**EXERCISE INSTRUCTIONS:**
Would you please repeat exactly the entries below, starting at the line with "Tessuto pesca intrecciato" and ending at the line with "PAILLETTES Cotton BOUCLE", and nothing outside that range? Leave out the pictures.
** THE DATA follows **
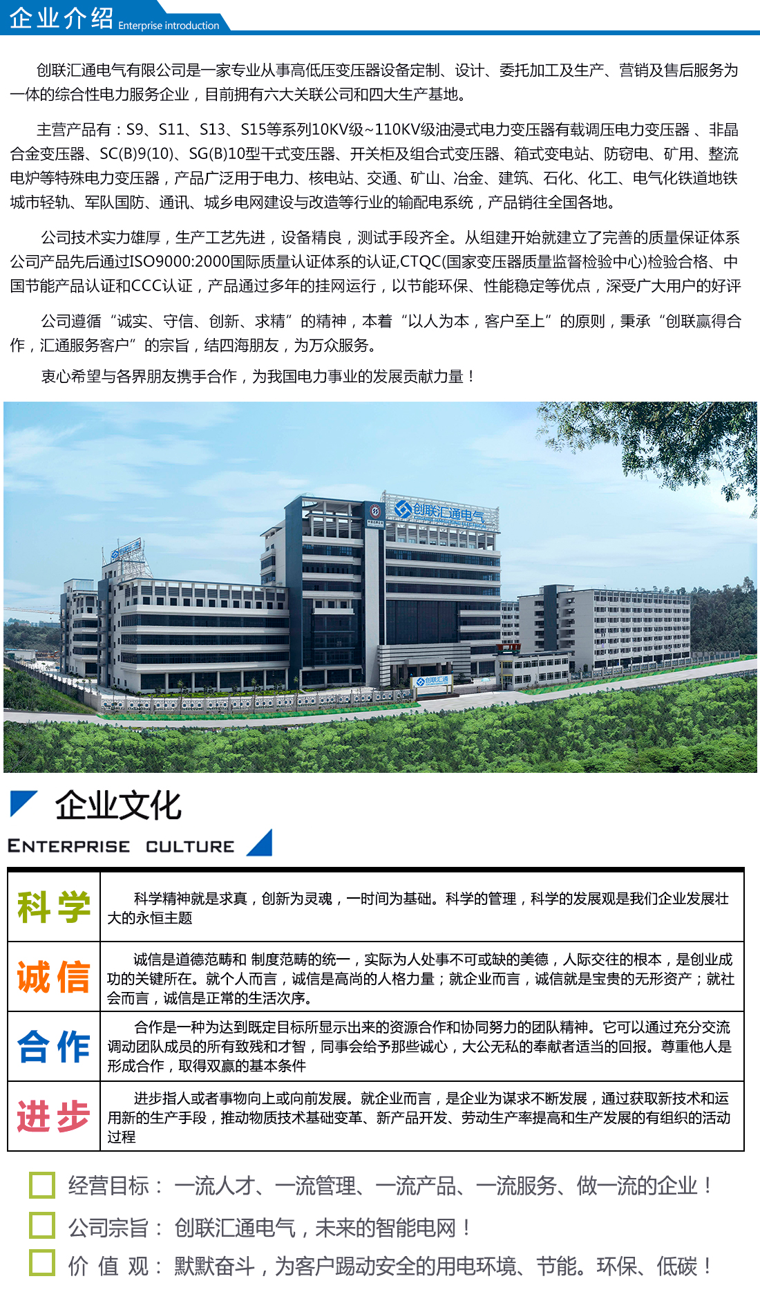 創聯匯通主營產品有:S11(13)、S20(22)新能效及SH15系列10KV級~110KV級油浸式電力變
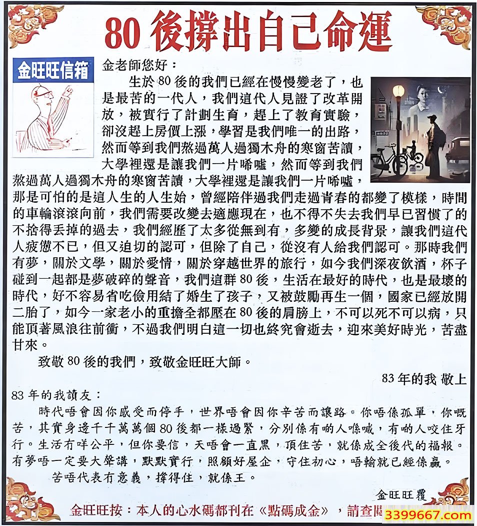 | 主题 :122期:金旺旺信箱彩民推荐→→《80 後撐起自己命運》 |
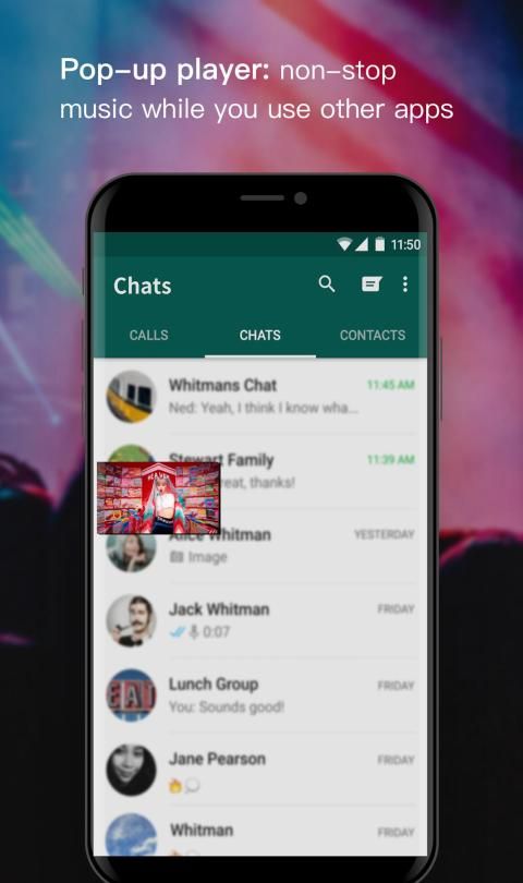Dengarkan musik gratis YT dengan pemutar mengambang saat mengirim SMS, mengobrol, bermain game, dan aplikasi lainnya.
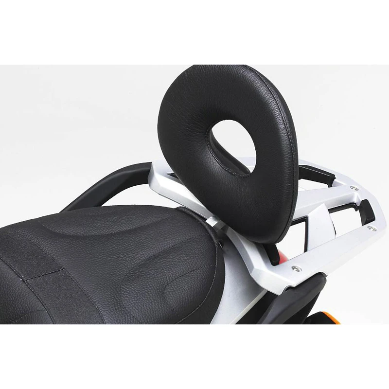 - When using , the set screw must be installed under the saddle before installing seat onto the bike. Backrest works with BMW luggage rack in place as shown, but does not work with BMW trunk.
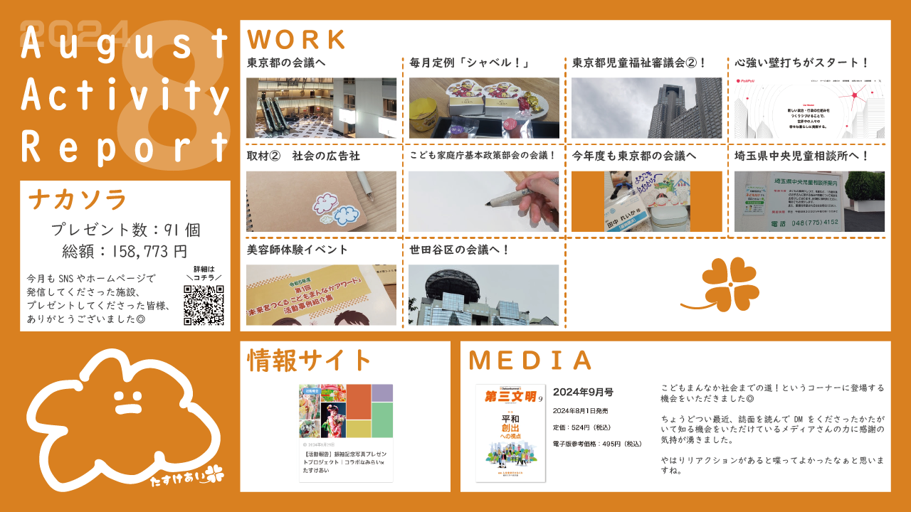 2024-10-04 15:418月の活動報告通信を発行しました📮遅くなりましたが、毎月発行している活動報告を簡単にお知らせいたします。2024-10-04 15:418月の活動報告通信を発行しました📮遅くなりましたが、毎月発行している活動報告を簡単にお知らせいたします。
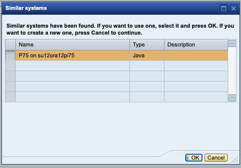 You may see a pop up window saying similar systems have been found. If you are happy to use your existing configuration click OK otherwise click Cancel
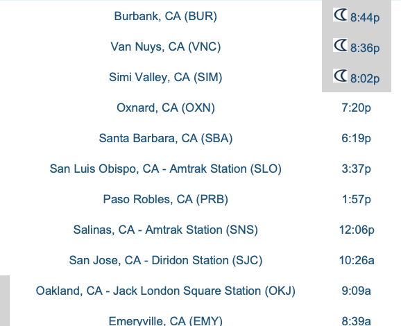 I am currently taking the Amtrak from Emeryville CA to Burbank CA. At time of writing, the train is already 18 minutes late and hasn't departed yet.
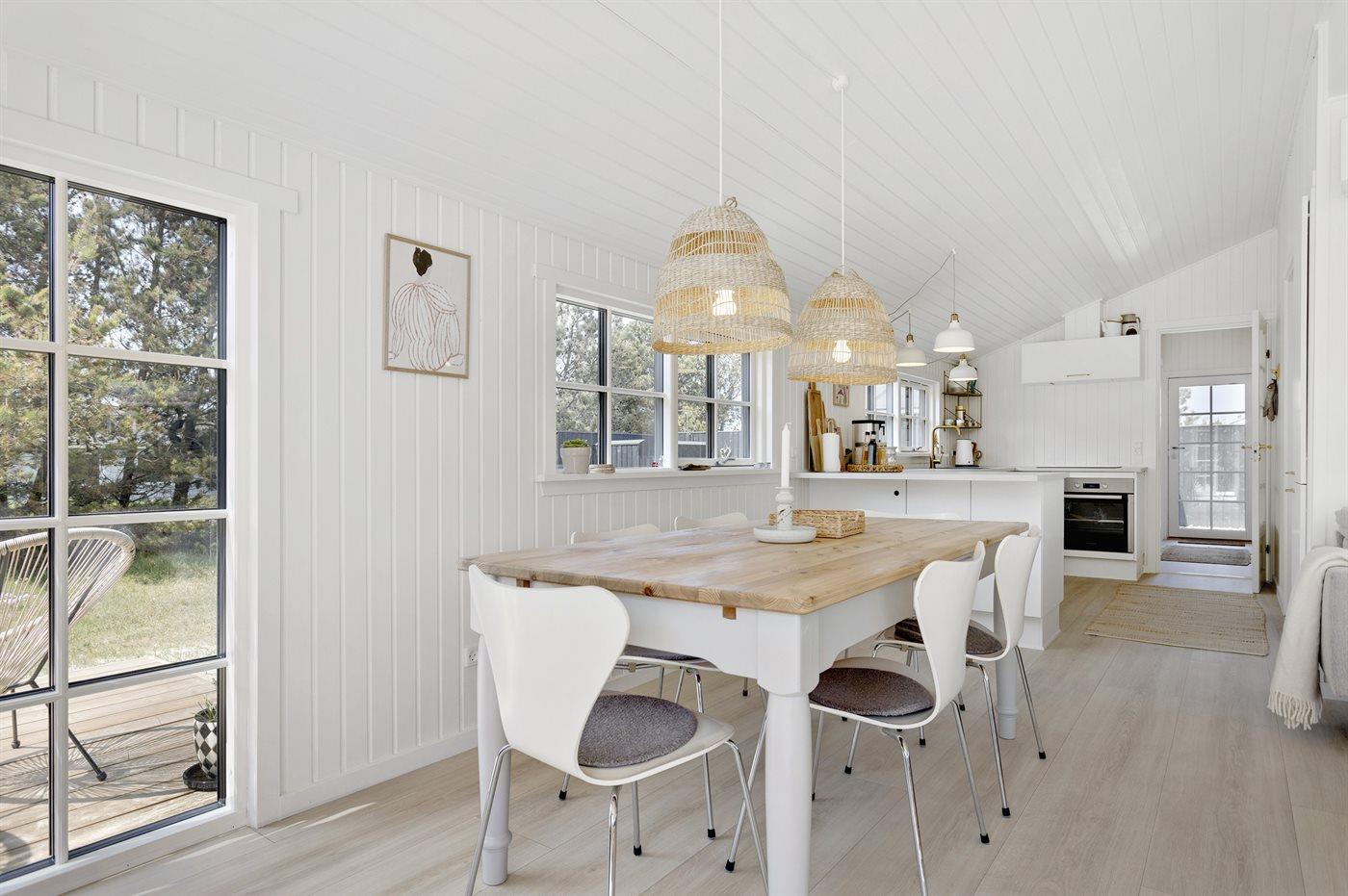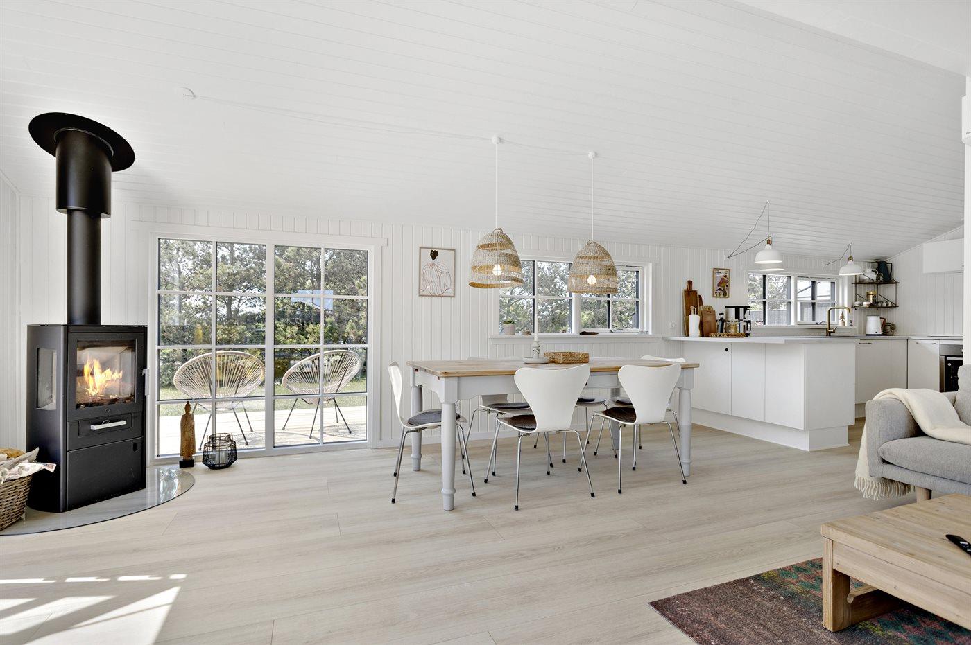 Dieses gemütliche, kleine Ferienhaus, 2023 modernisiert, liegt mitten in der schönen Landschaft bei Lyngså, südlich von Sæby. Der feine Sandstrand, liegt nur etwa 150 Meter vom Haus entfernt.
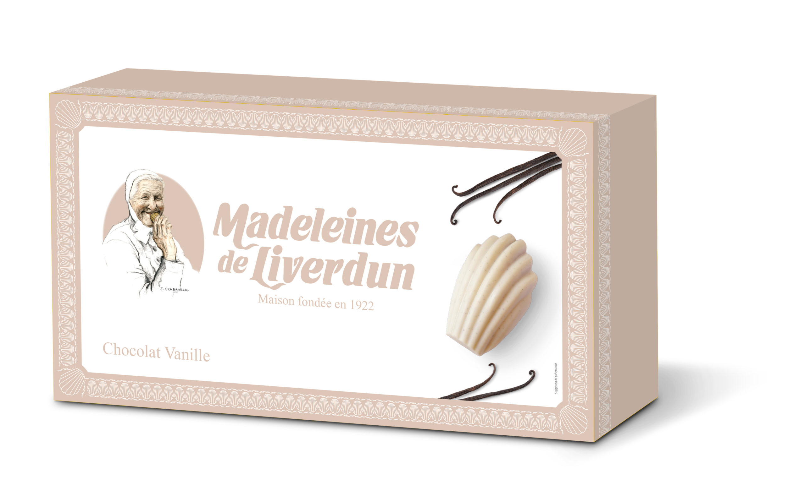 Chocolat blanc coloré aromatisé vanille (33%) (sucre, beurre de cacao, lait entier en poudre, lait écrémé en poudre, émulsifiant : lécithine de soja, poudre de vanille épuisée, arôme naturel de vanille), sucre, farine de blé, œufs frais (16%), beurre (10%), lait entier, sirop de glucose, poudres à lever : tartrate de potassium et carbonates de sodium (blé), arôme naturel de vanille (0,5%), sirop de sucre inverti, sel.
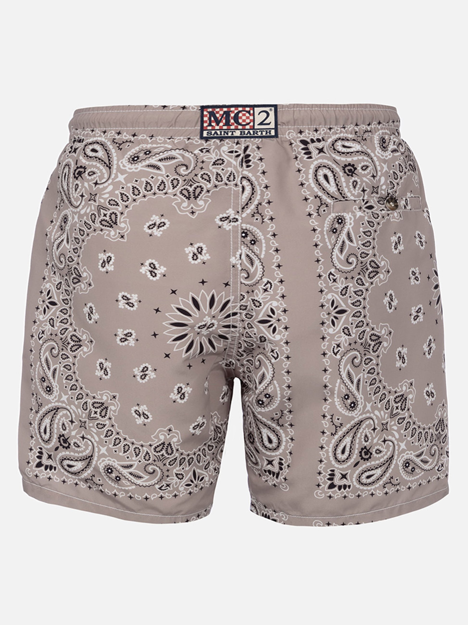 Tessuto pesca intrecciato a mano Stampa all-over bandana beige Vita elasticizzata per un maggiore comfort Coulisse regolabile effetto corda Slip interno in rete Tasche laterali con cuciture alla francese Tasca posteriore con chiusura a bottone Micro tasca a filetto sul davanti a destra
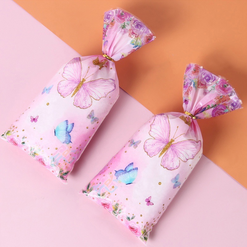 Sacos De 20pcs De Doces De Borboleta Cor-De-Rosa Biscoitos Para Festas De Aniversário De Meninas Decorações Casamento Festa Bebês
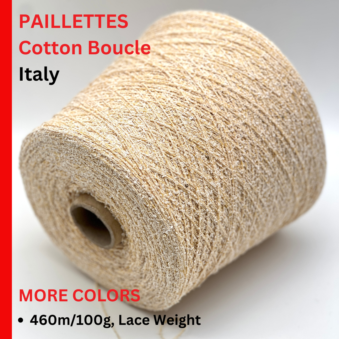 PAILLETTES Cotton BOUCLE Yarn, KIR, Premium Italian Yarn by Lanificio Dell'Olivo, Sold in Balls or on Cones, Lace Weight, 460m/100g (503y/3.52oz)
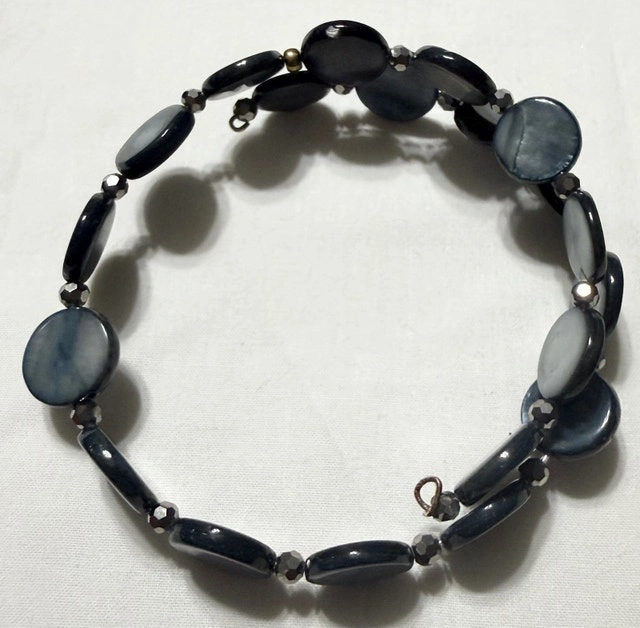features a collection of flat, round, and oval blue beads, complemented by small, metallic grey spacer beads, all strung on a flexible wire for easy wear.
** End of THE DATA **
**ANSWER SPACE:**
 Tessuto pesca intrecciato a mano Stampa all-over bandana beige Vita elasticizzata per un maggiore comfort Coulisse regolabile effetto corda Slip interno in rete Tasche laterali con cuciture alla francese Tasca posteriore con chiusura a bottone Micro tasca a filetto sul davanti a destra
 Sacos De 20pcs De Doces De Borboleta Cor-De-Rosa Biscoitos Para Festas De Aniversário De Meninas Decorações Casamento Festa Bebês
 PAILLETTES Cotton BOUCLE Yarn, KIR, Premium Italian Yarn by Lanificio Dell'Olivo, Sold in Balls or on Cones, Lace Weight, 460m/100g (503y/3.52oz)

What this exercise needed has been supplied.